Predicted energy savings are often quite different in reality

Photo: NBI
Energy use is often double what some energy modelers estimated at the start, according to a new report by the National Institute for Building Science (NIBS) and the New Buildings Institute (NBI).

The report outlines some of the reasons for this, including barriers to achieving energy goals:

  • Occupants are not consistently engaged to share responsibility and achieve efficiency.
  • Building operators are not engaged as part of the project team and often aren’t compensated in alignment with the important work they do.
  • Design-bid-build is still favored over integrative process, leaving efficiencies unrealized.
  • Benchmarking data and methods are both out of date; the authors argue that a more fluid system that can be updated easily and frequently would make more sense for benchmarking real-time performance.

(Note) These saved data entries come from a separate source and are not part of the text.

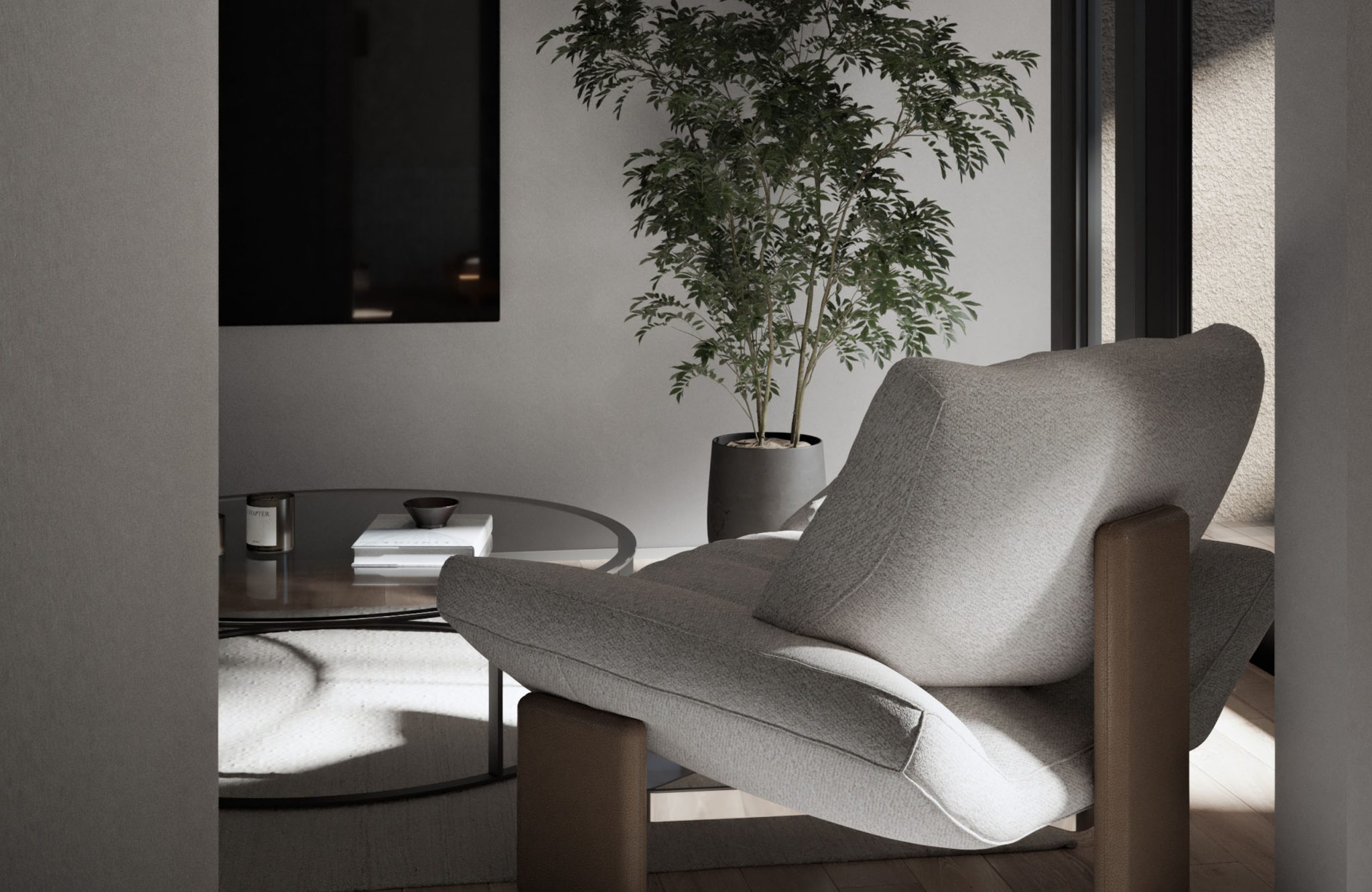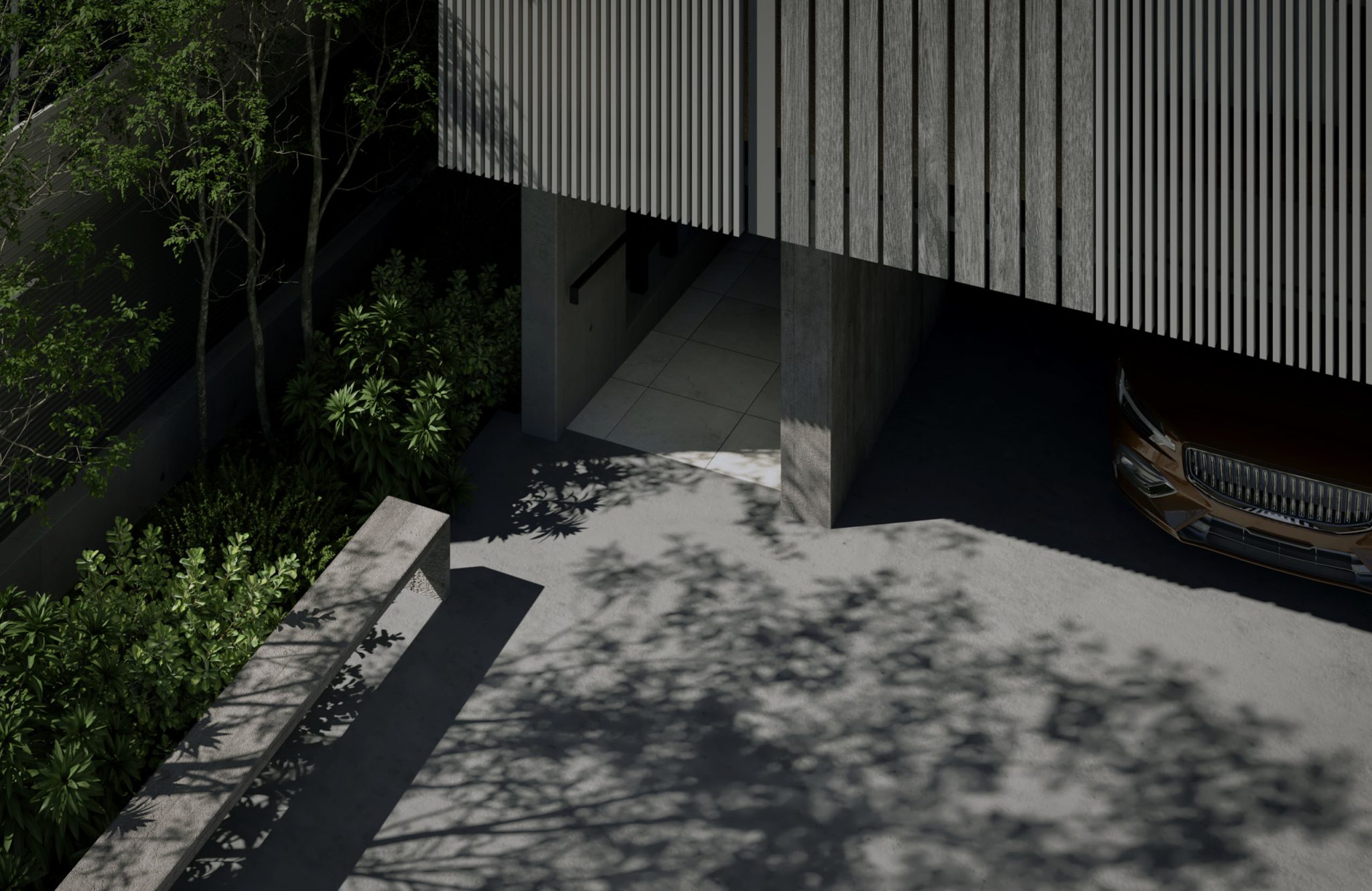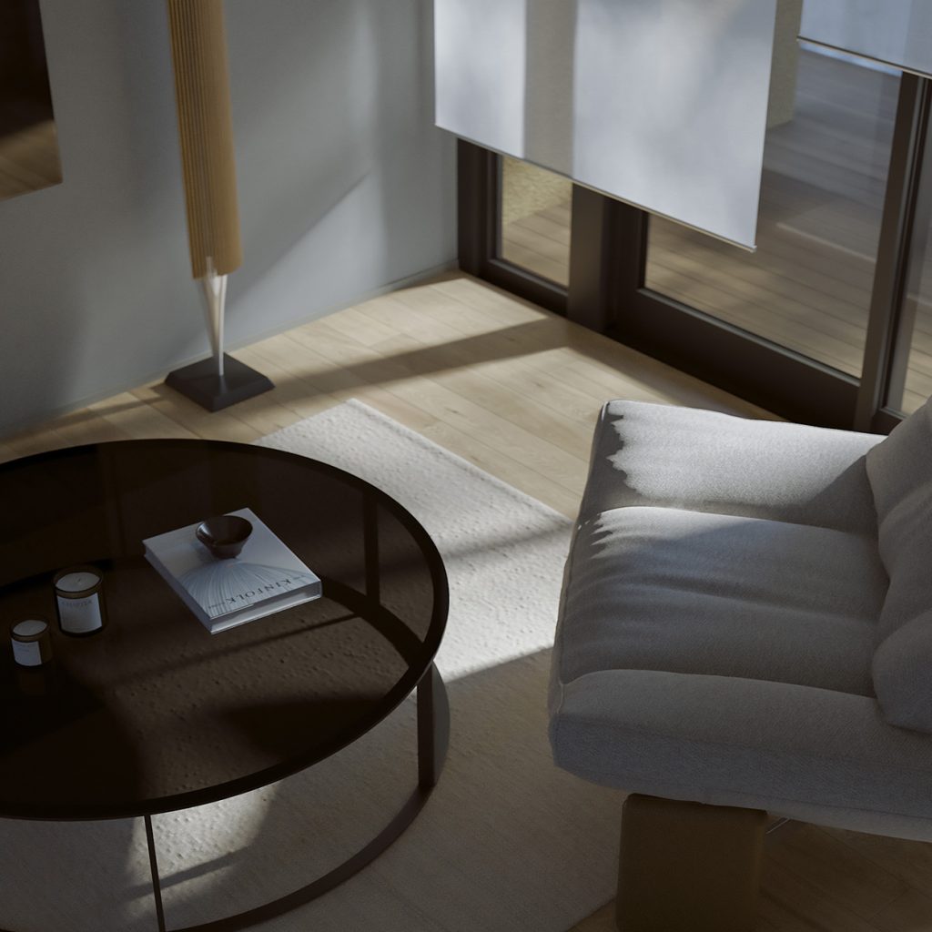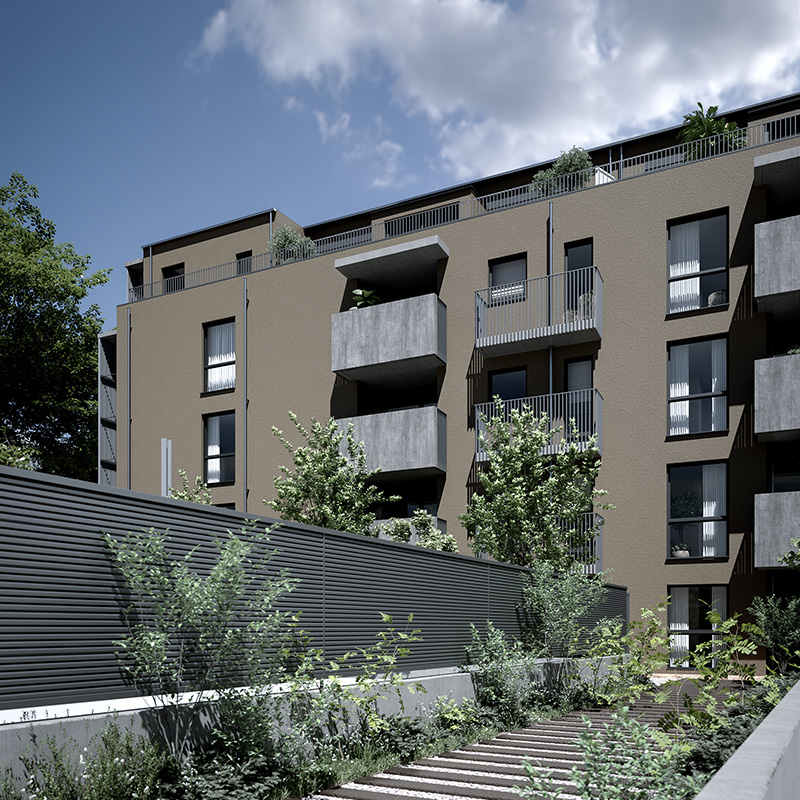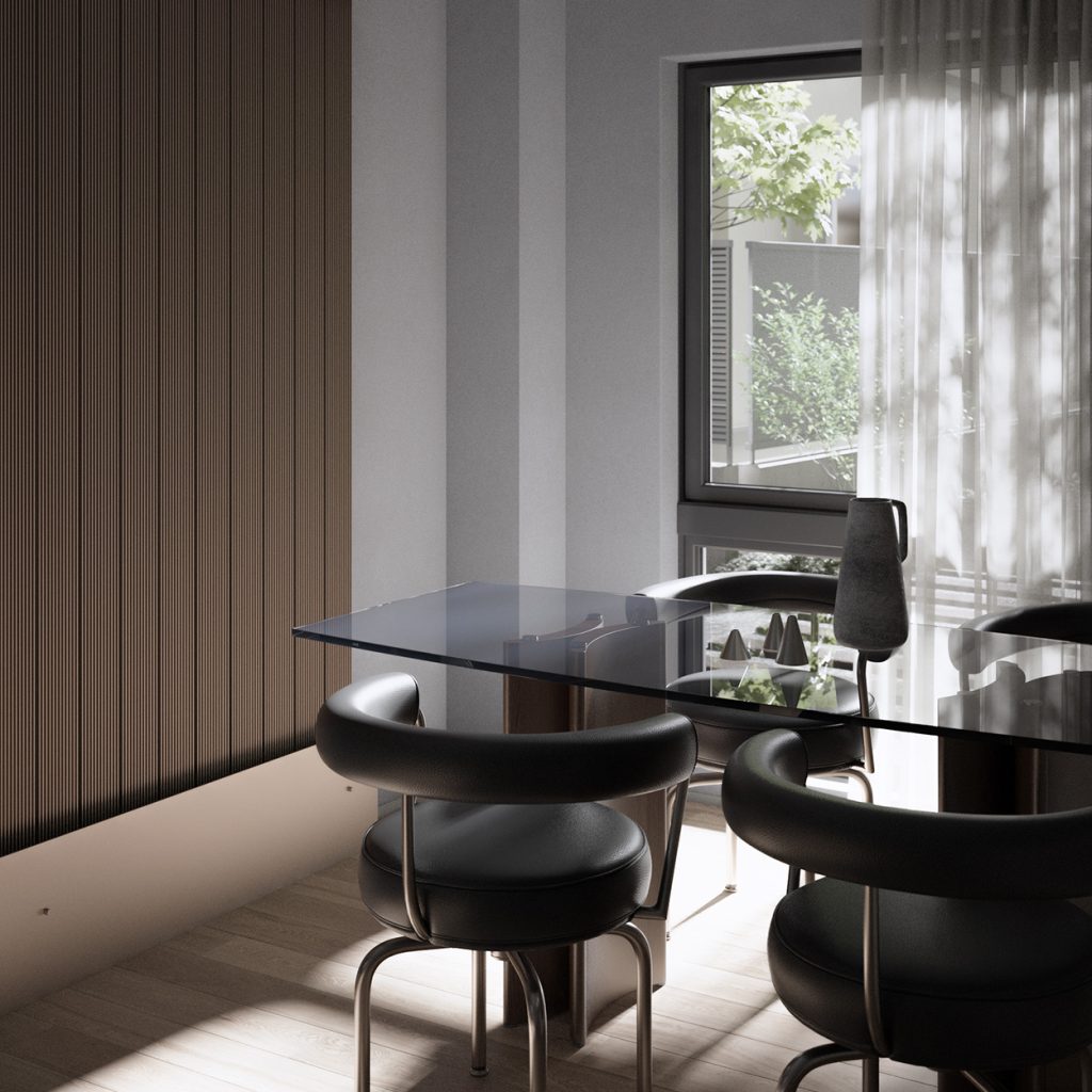 直方体のシンプルな建物を、3つの住戸ブロックに分けて配置。 それぞれの住戸が自然と接続されるようにデザインされ、光、風、緑を受け入れる。 機能と詩情が共存する、静かな構造の対話。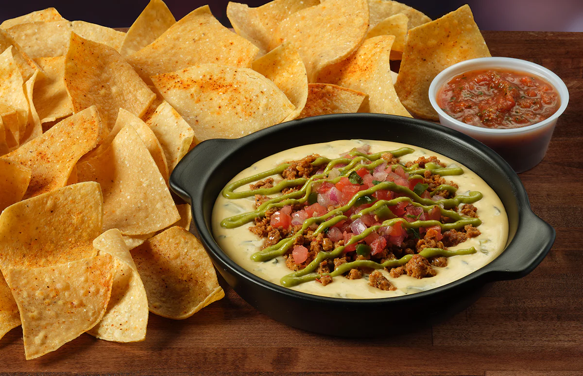 Melted cheeses, scratch-made chorizo, pico de gallo, jalapeño sauce, fresh tortilla chips and a side of salsa.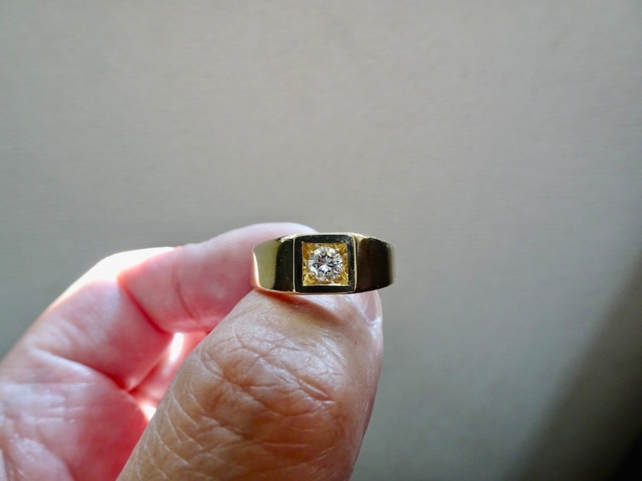 ごらん頂きありがとうございます。 オリジナルブランド 仁尾彫金『一つ星ジルコニア、マス留めゴールドリング』を出品致します。オリジナルのアクセサリーを自ら制作しています。今回、幅7ミリ強、厚み4ミリの印台リングに4ミリのジルコニアをマス留め致しました。 k18の使用重量も約15gと全て金の塊なので永久にゴールドに輝き続けます。 デザイン制作を私自身で行っている為、今回、新品をご用意致します!!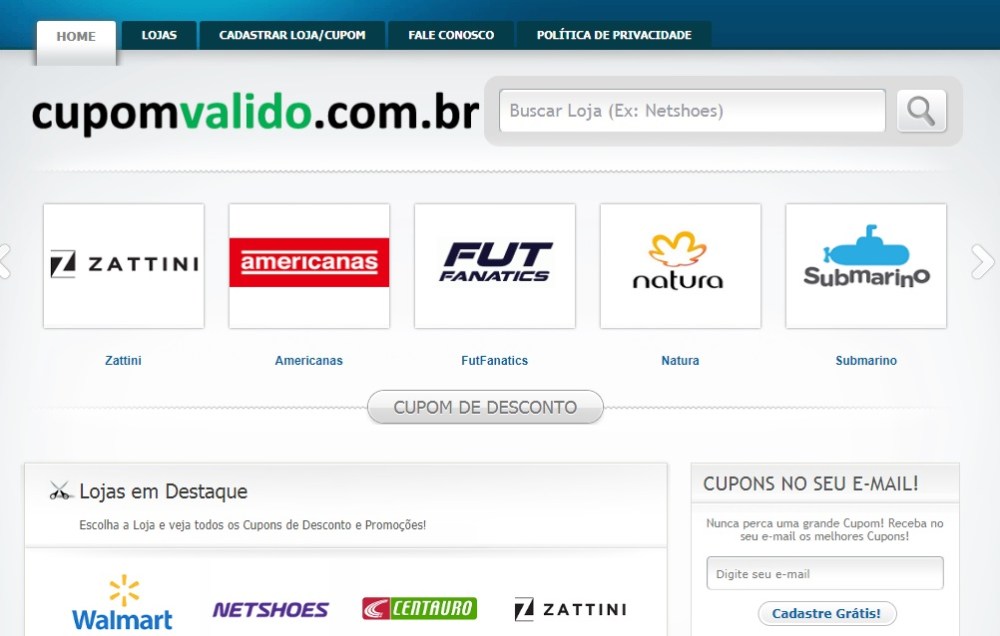 Hoje eu trago uma super NOTÍCIA para vocês. Assim que eu soube fiquei bem curiosa, porque eu não conhecia o site e achei a ideia super genial! O site Cupom Válido é um site de cupons de descontos em diversas lojas, tudo online.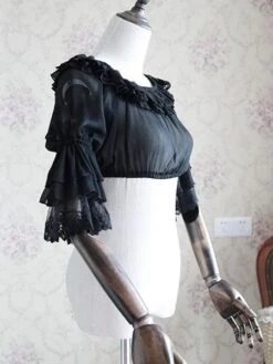 Lolitashow White Chiffon Lolita Blouse Middle Hime Sleeves Lace Trim High Waist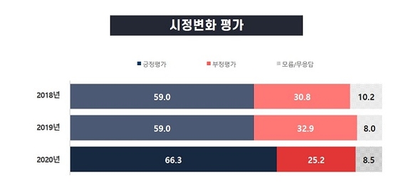 '사람중심 새로운 창원'이라는 시정 변화에 대해서는 창원시민 66.3%가 '잘하고 있다'고 평가했다. 이는 `18년 여론조사(59.0%)때보다 7.3%p 상승한 수치다.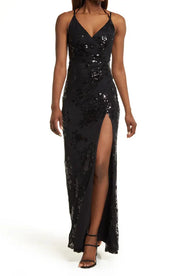 Noble slim shoulder strap off shoulder sequin pleated lace front slit prom dress Evening Dress - US 2 / UK 6 / EU 32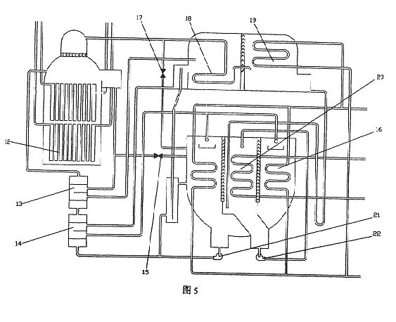 圖5為配置圖4所示煙氣發(fā)生器的煙氣型溴化鋰吸收式冷熱水機(jī)組的結(jié)構(gòu)示意圖。
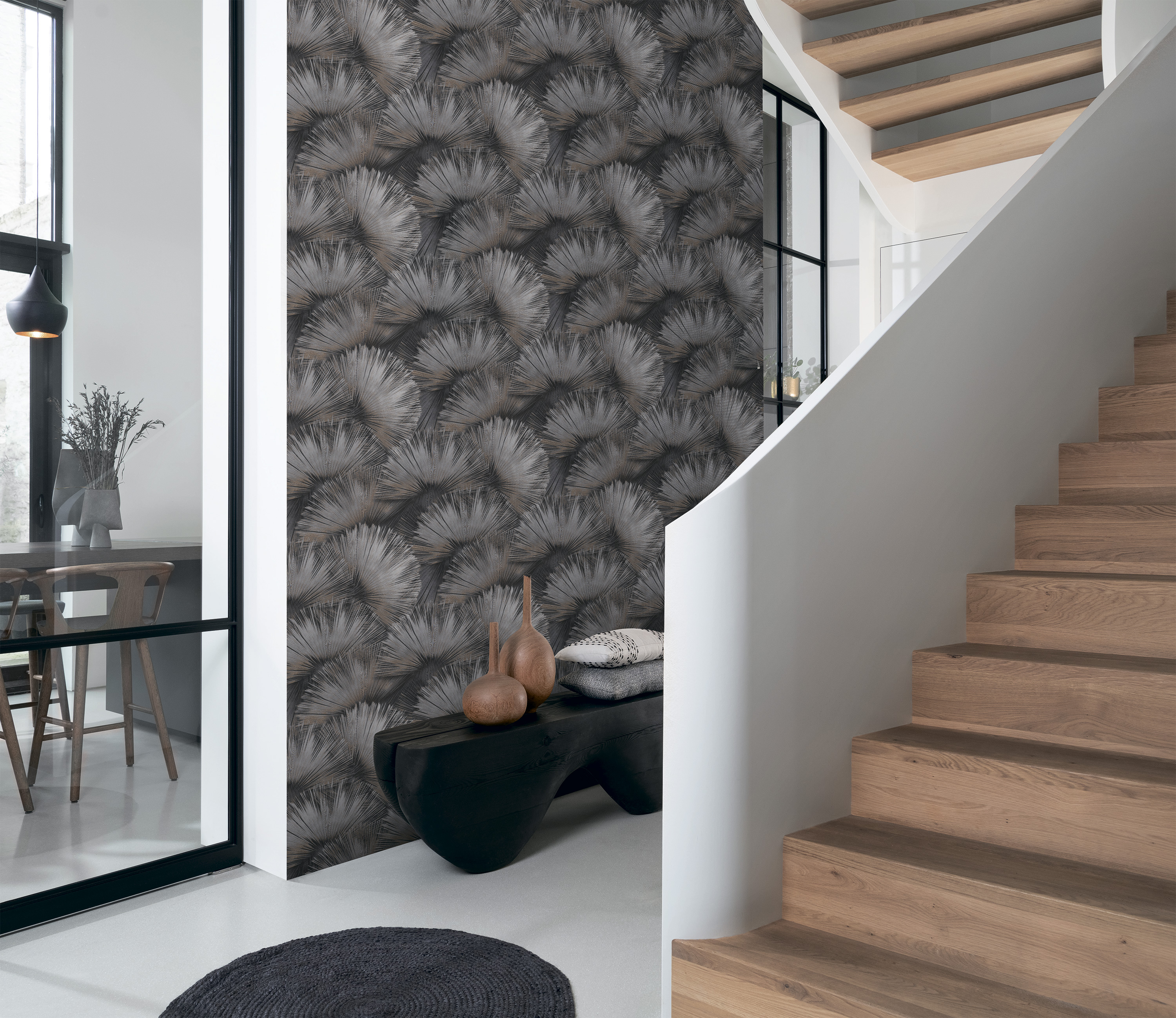 Графичные веера — декоративный взрыв на стене. Глубокие тона графита, таупа и розово-бронзового с металлизированными акцентами создают современное и благородное звучание, подходящее для гостиных и столовых.

The building institutes agree that “design and construction must be linked with operations and maintenance,” and they emphasize that “focus must be on two key areas: codes and policies, and industry practice.”

With these barriers and goals in mind, NIBS and NBI intend to outline tools and resources for policymakers and industry, develop a new method for collecting and storing building performance data, and then create pilot projects to test their ideas.

“The next step will be getting others in the building industry to begin preparing for outcome-performance as the new norm,” Ryan Colker, director of NIBS, states. One way that the group plans to achieve this is through successful case studies that will reveal the necessity of post-occupancy testing to accurately measure building performance.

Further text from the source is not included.